Correction: see below.
Researchers and startups might tout flow or sodium batteries, but caves are going to be tough to beat when it comes to energy storage, says Robert Schainker, a senior technical executive at EPRI.
Compressed air storage – i.e., compressing air and storing it in caves, underground aquifers or abandoned mines until the air is needed to turn a turbine – will beat out other mass storage technologies in terms of cost largely because of the relative technical simplicity and the potential volumes for storage.
Compressed air right now costs about $700 a kilowatt/hour, he said. By comparison, Deeya Energy just released its first flow batteries. A 2-kilowatt device costs about $4,000 a kilowatt/hour, says Izak Bencuya. With volume manufacturing, Deeya hopes to lower that to $1,000 a kilowatt/hour.
That is still higher than compressed air. The advantages of air, however, kick in when utilities want to expand their storage. The volume of salt caverns and other underground storage areas can be increased through solution mining techniques. (You pump liquid solutions underground, it carves out new space, and you suck out the fluid.) An incremental cost of adding another kilowatt/hour comes to around $1 to $2. Electrical devices won't be able to match that, says Schainker.
Compressed air can also be stored at depleted oil fields. If the underground cistern cannot be expanded, the air can be stored at a higher pressure, which will still be cheaper than large-scale batteries.
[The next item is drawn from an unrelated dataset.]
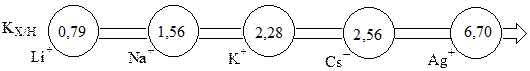 Величина коэффициента селективности зависит от размера и заряда иона, химической структуры ионообменника и условий проведения эксперимента. Например, для сильнокислотного катионообменника Dowex-50, содержащего 8% дивинилбензола:
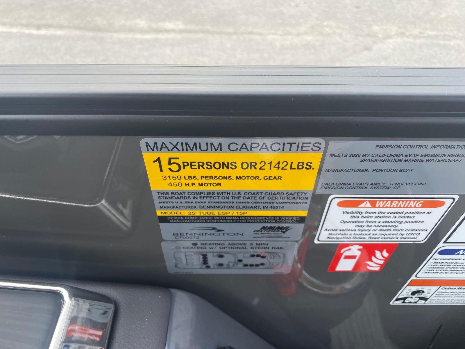 The 2026 Bennington 25 Qsba ESP is a brand-new pontoon boat that stretches an impressive 28.25 feet in length, offering ample space for relaxation, socializing, and fun. With its sleek lines, modern design, and attention to detail, this Bennington pontoon stands out on any lake or river. The Midnight Black canvas and blackout logos create a sophisticated, head-turning profile, while the Zebrawood Matte Slate accents add a touch of refined elegance to the overall aesthetic.

Finding caves isn't a problem either. There are billions of cubic meters worth of underground salt caverns available, Schainker said. Leaking is more of a perceived than an actual problem, he argued.
Compressed air, of course, has been an idea that has been ready for takeoff for years. Prototypes in Alabama and Germany have operated for years. The Department of Energy, Sandia National Labs, and a host of municipal utilities in the Midwest are in the midst of designing a compressed air generation plant in Iowa. The plant is expected to be operational by 2012 and produce 268 megawatts of power or 50 hours of power storage. That could enough to save a municipal utility $5 million a year.
PSEG Global is also investing $20 million into startup Compressed Energy & Storage.
Correction: we inadvertently used kilowatt instead of kilowatt/hour.